CodeGeeX is an AI model trained to write and translate code. It has 13 billion parameters and was trained on code written in more than 20 programming languages, including Python, C++, Java, JavaScript, and Go. The model can complete code, generate functions from descriptions, and convert a piece of code written in one language into another language.
The project was developed by researchers and published at the KDD 2023 conference. It was trained on Huawei's Ascend AI processors but can also run on NVIDIA GPUs. The model weights are available for download after submitting a request through the project's website, and the download is around 26 gigabytes.

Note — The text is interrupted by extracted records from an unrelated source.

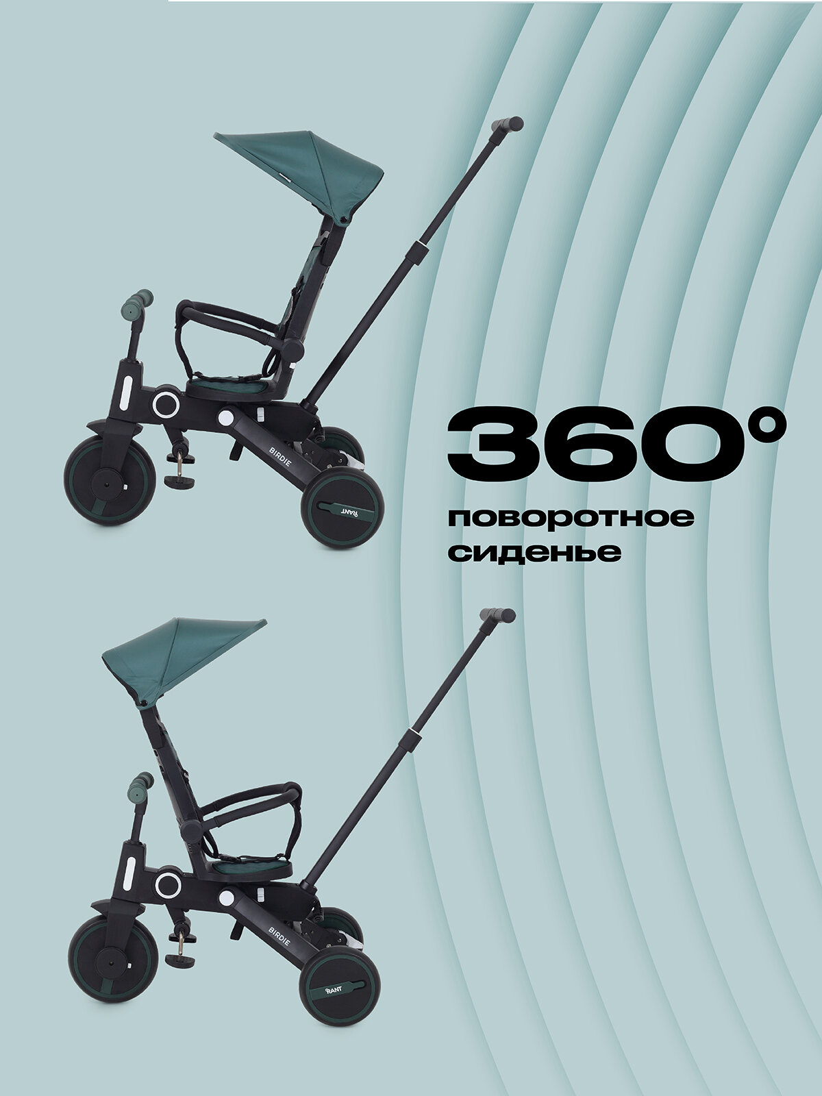 Система вращения сиденья на 360 градусов; Приводится в движение как родителем так и малышом; Легко и быстро складывается; Капюшон от солнца в комплекте; Возможность установки педалей как подставка под ножки; Мягкое сиденье с ремнями безопасности, регулируемыми по высоте; Тормоз на заднем колесе; Полиуретановые мягкие колеса; Рама: полипропилен+алюминий+полиуретан; Нагрузка до 20 кг; 7 вариантов конфигурации в зависимости от потребностей ребенка
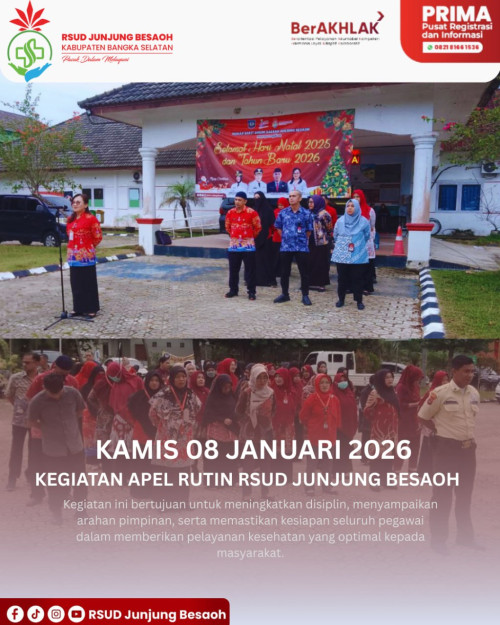 Toboali, 08 Januari 2025 - Kegiatan apel diikuti oleh 65 peserta. Pembina pada apel hari ini adalah dr. Helen Sukendy selaku Direktur RSUD Junjung Besaoh. Kegiatan apel rutin RSUD Junjung Besaoh dilaksanakan sebagai upaya meningkatkan disiplin, menyampaikan arahan pimpinan, serta memastikan kesiapan seluruh pegawai dalam memberikan pelayanan kesehatan terbaik bagi masyarakat Bangka
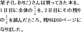 1日目に読んだ残りのページ数(□のもとにする量)を求めましょう。
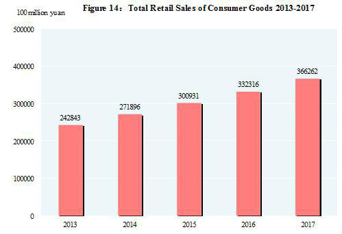 In 2017, the total sales value of wholesale and retail trades reached 63.02 trillion yuan($9.33 trillion), and the total retail sales of consumer goods reached 36.63 trillion yuan, a growth of 10.2 percent from 2016.

For everyday use, CodeGeeX is available as a free extension for VS Code and JetBrains IDEs such as IntelliJ IDEA and PyCharm. The extension provides code completion, code explanation, and code summarization directly inside the editor. This means you can install it into the tool you already use to write code and interact with the model without running anything separately.
The repository also includes a benchmark called HumanEval-X, which is a set of 820 hand-written coding problems across five programming languages. Each problem includes tests and a reference solution. The benchmark was created to give researchers a consistent way to measure how well code generation models perform across different languages, not just Python. It is available on the Hugging Face dataset platform.

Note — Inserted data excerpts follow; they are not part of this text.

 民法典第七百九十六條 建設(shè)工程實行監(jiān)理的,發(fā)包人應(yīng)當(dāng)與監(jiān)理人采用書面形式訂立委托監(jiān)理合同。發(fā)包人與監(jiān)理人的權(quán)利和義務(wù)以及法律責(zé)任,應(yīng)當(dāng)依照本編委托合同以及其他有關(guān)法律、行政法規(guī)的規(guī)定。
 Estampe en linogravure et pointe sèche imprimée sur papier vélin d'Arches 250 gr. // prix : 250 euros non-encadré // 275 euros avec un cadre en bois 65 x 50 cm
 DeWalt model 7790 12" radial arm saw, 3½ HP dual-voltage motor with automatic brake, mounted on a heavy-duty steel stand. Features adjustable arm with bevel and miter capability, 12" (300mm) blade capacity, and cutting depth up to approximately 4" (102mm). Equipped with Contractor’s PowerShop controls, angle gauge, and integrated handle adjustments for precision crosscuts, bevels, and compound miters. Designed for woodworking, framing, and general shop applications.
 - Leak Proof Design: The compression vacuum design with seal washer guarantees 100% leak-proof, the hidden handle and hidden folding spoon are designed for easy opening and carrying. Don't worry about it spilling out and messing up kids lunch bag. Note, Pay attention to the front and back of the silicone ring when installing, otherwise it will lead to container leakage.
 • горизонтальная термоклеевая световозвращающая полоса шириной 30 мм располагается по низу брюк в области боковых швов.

Model weights can be run with reduced GPU memory requirements through quantization, which the repository describes as dropping from 27GB to 15GB of GPU RAM. A newer version of the model, CodeGeeX2, is also mentioned in the README as a separate release with support for over 100 languages.
Where it fits
- Install the free VS Code or JetBrains extension to get AI-powered code completion inside your existing editor without any local setup.
- Translate a function written in Python into Go, Java, or another language using the model's built-in code translation feature.
- Run CodeGeeX locally on a GPU server after downloading the model weights to get private, self-hosted code generation.
- Use the HumanEval-X benchmark to evaluate and compare code generation models across Python, Java, Go, C++, and JavaScript.